DSK, la malédiction
L’ancien patron du FMI avait retrouvé
une autre vie professionnelle et une forme de sérénité, mais son
association avec un financier endetté, Thierry Leyne, a tourné au drame
et à la faillite. Alors que va être jugée l’ »affaire du Carlton », le
voici de nouveau dans la tourmente. Pour avoir, une fois de plus, fait
preuve d’une grande légèreté.
Pour l’instant, je stabilise le
bordel. » A quelques semaines du procès dit « du Carlton de Lille », où
il est mis en examen pour » proxénétisme aggravé en réunion »,
Dominique Strauss-Kahn n’a guère le temps de profiter de son riad à
Marrakech, embelli par de longs travaux. Depuis le 23 octobre, jour du
suicide de son associé Thierry Leyne, il cavale partout. De Tel-Aviv au
Luxembourg, en passant par Genève, l’ancien directeur général du FMI
fait le tour des filiales de Leyne Strauss-Kahn & Partners (LSK),
leur société commune, qui a fait faillite le 7 novembre. DSK en était
actionnaire et président du conseil d’administration. En première ligne,
il prend la parole, le 30 octobre, dans une interview au quotidien
français Le Parisien, calibrée au millimètre. « Je précise que j’étais
président non exécutif de LSK », se défend-il, anticipant sûrement les
ennuis à venir. Depuis, silence radio. Ainsi, sollicité par Le
Vif/L’Express, il n’a pas souhaité s’exprimer.

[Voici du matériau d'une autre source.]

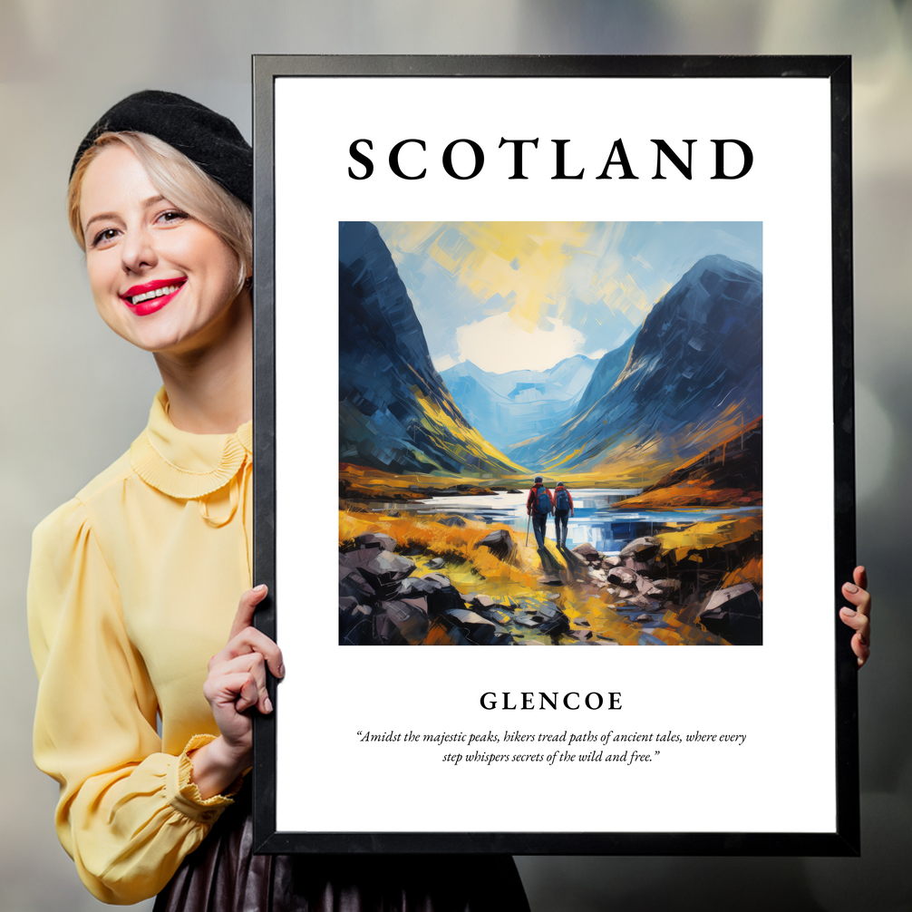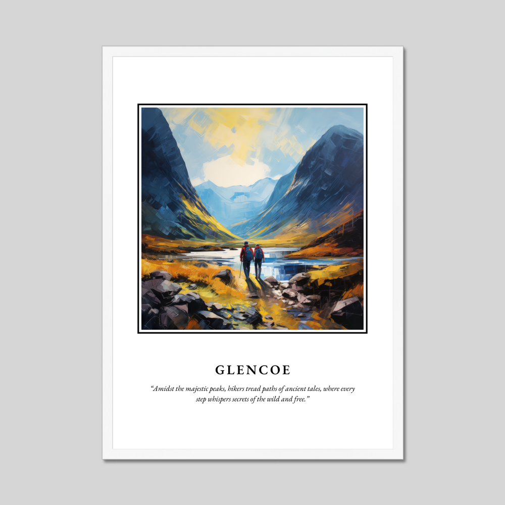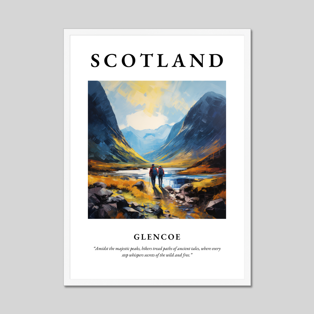 At the heart of this poster is a breathtaking minimalist depiction of Glencoe, one of Scotland’s most awe-inspiring landscapes. The large, bold lettering of “SCOTLAND” ensures a striking presence, while the painting itself captures the serene essence of Glencoe. The minimalist style accentuates the sweeping contours of the glen, with hikers traversing a path that invites viewers to step into a world where nature tells its own ancient stories. Beneath the painting, the quote “Amidst the majestic peaks, hikers tread paths of ancient tales, where every step whispers secrets of the wild and free.” adds a poetic touch, encapsulating the spirit of adventure and the sublime beauty of the Highlands.

L’affaire surgit à la veille d’un
procès qui s’annonce spectaculaire (voir page 78). Elle vient écorner
l’image de DSK dans un domaine où, malgré les vicissitudes de ces
dernières années, il garde une excellente renommée : l’économie et la
finance. Il y a quelques mois encore, il balayait les avertissements de
ses proches d’un revers de la main. Désormais, le voici contraint de
reconnaître que la réputation de son ex-associé était « contrastée ».
Aujourd’hui, il préférerait que cette association à l’épilogue
dramatique n’ait jamais eu lieu.
Il a une « mine affreuse »
Quelques semaines après la
défenestration de Thierry Leyne d’une des tours Yoo à Tel-Aviv, le voile
se lève sur le parcours de l’homme d’affaires franco-israélien.

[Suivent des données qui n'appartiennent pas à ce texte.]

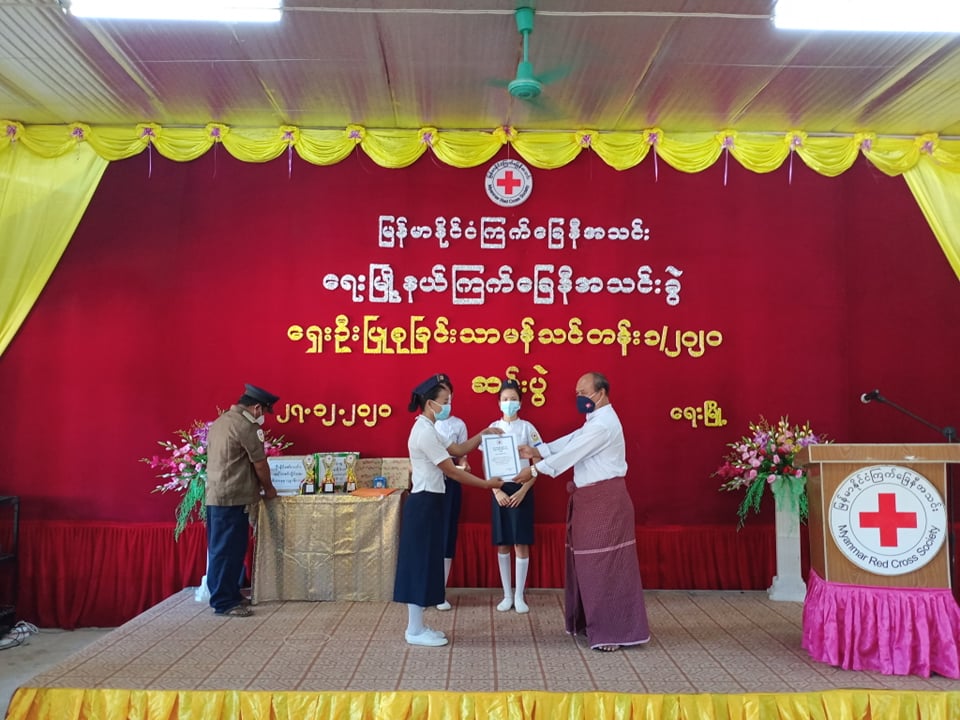 မွန်ပြည်နယ်၊ ရေးမြို့နယ်တွင် မြို့နယ်ကြက်ခြေနီအသင်းခွဲ၌ ကိုဗစ်-၁၉ ရောဂါ ကာကွယ် ထိန်းချုပ်၊ ကုသရေးလုပ်ငန်းများ၊ ရှေးဦးသူနာပြုစုခြင်းလုပ်ငန်းများ၊ သဘာဝဘေးဆိုင်ရာ လုပ်ငန်းများနှင့် အရေးပေါ် ကယ်ဆယ်ရေးလုပ်ငန်းများတွင် ပါဝင် ကူညီ လုပ်ဆောင်ကြသည့် မြို့နယ် ကြက်ခြေနီသူနာပြုတပ်ဖွဲ့ဝင်များ တက်ရောက်ခဲ့သည့် ရှေးဦးပြုစုခြင်း သာမန်သင်တန်း အမှတ်စဉ် (၁/၂၀၂၀)သင်တန်းဆင်းပွဲကို ယနေ့ နံနက်(၉)နာရီခွဲက အဆိုပါ မြို့နယ်ကြက်ခြေနီ အသင်းခွဲရုံး၌ ကျင်းပပြုလုပ်ကြောင်း သိရသည်။

Pourquoi l’ancien ministre de l’Economie a-t-il pris le risque de nouer
un partenariat avec lui ? Pouvait-il vraiment ignorer la situation
financière de son associé ?
Ceux qui croisent DSK en novembre lui
trouvent de nouveau une « mine affreuse ». Celle des mauvais jours,
celle de l’époque de son retour en France, en septembre 2011, après la
terrible affaire du Sofitel de New York. Pourtant, depuis quelque temps,
l’horizon s’était éclairci. DSK sortait enfin de cette longue période
de quarantaine après que la justice américaine l’eut blanchi. En octobre
dernier, il assiste à l’anniversaire de sa fidèle communicante, Anne
Hommel. Le Tout-Paris politique et médiatique est présent, y compris
Anne Sinclair. Les invités ne le traitent plus en pestiféré. La
politique, c’est fini. Désormais chef d’entreprise, il a retrouvé une
forme de sérénité, une nouvelle compagne et, à en croire son entourage,
il envisage le procès du Carlton « avec confiance ».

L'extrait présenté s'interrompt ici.